- First location at 24th & Mission St

Restaurant information
- Established: 1982
- Food type: Mexican, Mexican-American
- Location: 2779 Mission St, San Francisco, CA (original location)
- Other locations: 10 locations total throughout the Bay Area (as of 2026)
- Website: elfarolitosf.com

= Taqueria El Farolito =

Mexican restaurant chain in the Bay Area

Taqueria El Farolito ("The little lighthouse"), colloquially referred to as El Farolito, is a Mexican restaurant chain in the San Francisco Bay Area. The first location opened in the Mission District in San Francisco in 1982, and has grown to 10 locations as of 2026. El Farolito is acclaimed for its Mission-style burritos.

== History ==
The original Taqueria El Farolito was opened in 1982 at the corner of Mission and 24th Street in San Francisco's Mission District. Its owner, Mexican immigrant Salvador “Don Chava” Lopez Monroy, opened El Farolito with funds earned from selling his share in Taqueria San Jose which was a previous venture that he opened jointly with two friends. According to Don Chava's son, El Farolito was named after a taqueria Lopez worked at in Mexico City prior to immigrating to the United States.

Don Chava was able to use funds raised from the business to found his own soccer club, the San Francisco-based El Farolito SC, in 1985 and purchase a minor-league team in Mexico, the Gallos of Aguascalientes, in 1994.

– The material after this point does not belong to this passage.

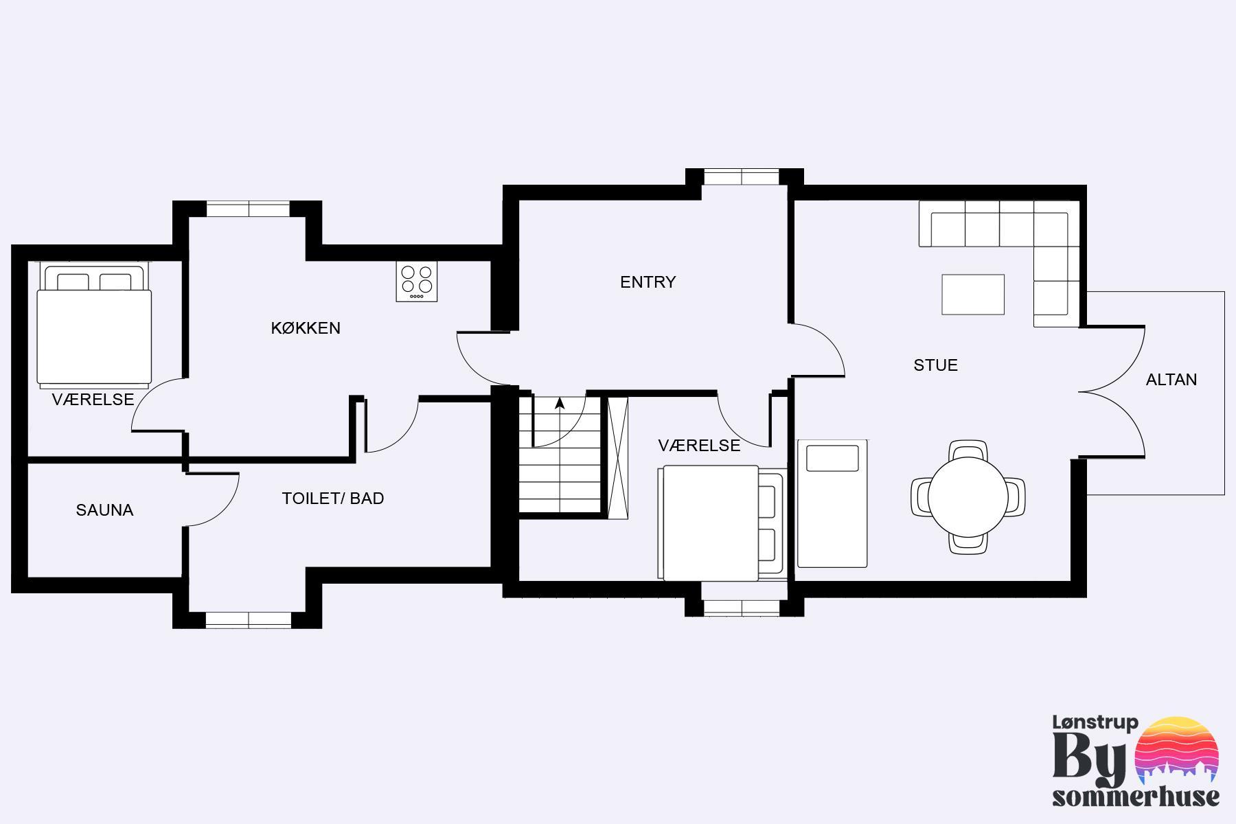 Altanen udgør områdets mest solbeskinnede opholdssted. Herfra kan I nyde betagende solopgange og en udsigt over marker og Vennebjerg Kirke. Denne ferielejlighed er helt oplagt at leje, hvis I søger såvel fred og ro samt masser af aktiviteter tæt på strand og ferieby.

Don Chava died at 70 on 5 January 2021, and his family took on operation of the business.

== Locations ==
As of 2021, El Farolito has grown to 12 locations throughout the Bay Area with four of them being in San Francisco. As of 2026, there are 10 locations.

=== 24th St & Mission ===

Menu and interior of the original El Farolito

The location at 2779 Mission St in the Mission District of San Francisco is the first El Farolito location.

=== North Beach ===
In August 2021, El Farolito announced that they would be opening their 12th location at 1230 Grant Avenue in San Francisco's North Beach neighborhood. The opening was temporarily halted by the San Francisco Planning Department as opening a 12th location classified the restaurant as formula retail, which are prohibited from operating within North Beach. The North Beach location was approved after El Farolito agreed to modify signage at some of its other locations in the Bay Area. The location opened in June 2022.

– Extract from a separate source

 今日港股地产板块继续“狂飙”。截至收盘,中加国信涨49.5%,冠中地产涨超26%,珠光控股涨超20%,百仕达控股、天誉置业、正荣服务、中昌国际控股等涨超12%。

The situation led to debate on if the law which was intended to prohibit large chains was also harming local growing businesses.

=== Other locations ===
The locations in Santa Rosa and Rohnert Park are called El Favorito ("The Favorite") instead of El Farolito.

An El Farolito located at 358 Beach St in San Francisco's Fisherman's Wharf closed in 2020.

== Food ==
El Farolito is known for their Mission-style burritos, but also serves other Mexican food such as quesadillas, nachos, tacos, tostadas, and flautas. They also sell Mexican beverages like Mexican beers, agua frescas, and horchata.

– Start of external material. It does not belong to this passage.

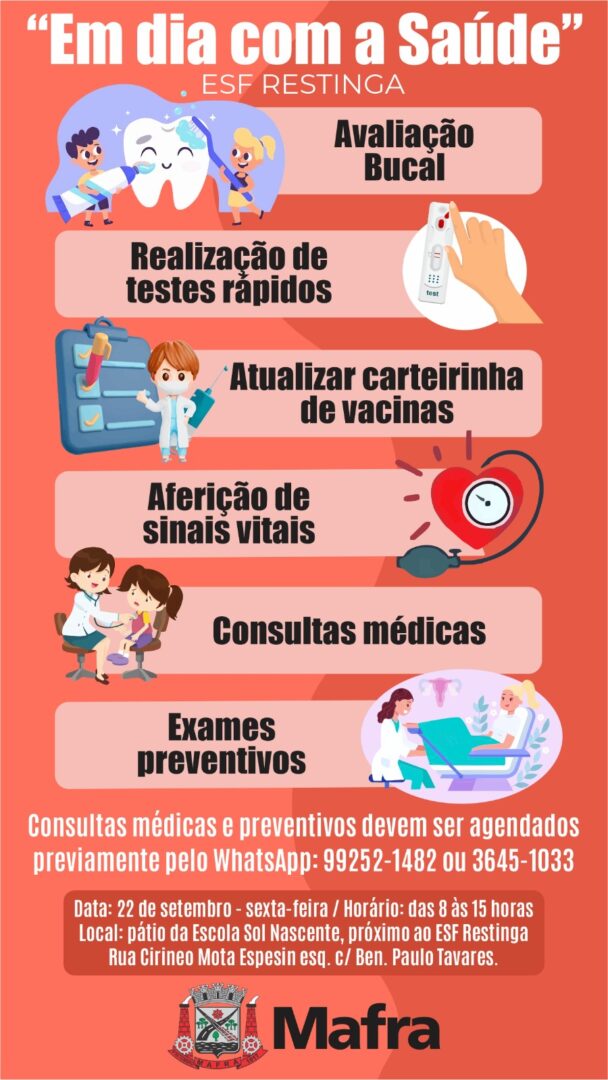 Os moradores do Imbuial que utilizam os serviços de saúde da ESF Restinga, vão poder aproveitar para avaliar o estado de saúde no evento “Em dia com a Saúde”. Ele será no pátio da Escola Sol Nascente, no dia 22, das 8 às 15 horas. Quem for ao local poderá realizar avaliação bucal, testes rápidos, atualizar a carteirinha de vacinas e aferição de sinais vitais.

Mission burrito and tortilla chips at El Farolito
Man eating a Mission burrito at El Farolito

=== Acclaim ===
El Farolito and its burritos are popular. In 2013, Esquire announced that El Farolito won their poll for "America's most life-altering burrito" with 40% of the vote. In 2017, Vice called the Mission burritos at El Farolito one of their Favorite Burritos in San Francisco. In 2019, El Farolito was featured in a list of the Top 100 Restaurants in the Bay Area by the San Francisco Chronicle. In 2020, an analysis of Foursquare's algorithm based on user check-ins, ratings, photos, and other metrics found that El Farolito was the top-rated Mexican restaurant in California. In 2021, San Francisco public figures such as Kari Byron, Lateefah Simon, and Mano Raju said that El Farolito is "their favorite place in San Francisco to get a burrito". Cesar Hernandez, a Restaurant Critic at the San Francisco Chronicle, ranked the burritos at El Farolito as the 5th best Mission-style burrito in the Mission as of 2023. In 2024, El Farolito was nominated as having "The best Mexican food in the Bay Area" in a readers’ choice poll in the SFGATE newspaper. In 2024, the Mission burritos at El Farolito were specifically mentioned in a Reuters' City Memo article.

In 2014, FiveThirtyEight created a 64 restaurant bracket in an attempt to find the best burrito in the nation. Despite being a fan favorite, the burritos at El Farolito ranked lower than those at Taqueria Cancún in San Francisco, and Chando’s Tacos in Sacramento in its group stage. The burritos at La Taqueria in San Francisco ended up winning the competition.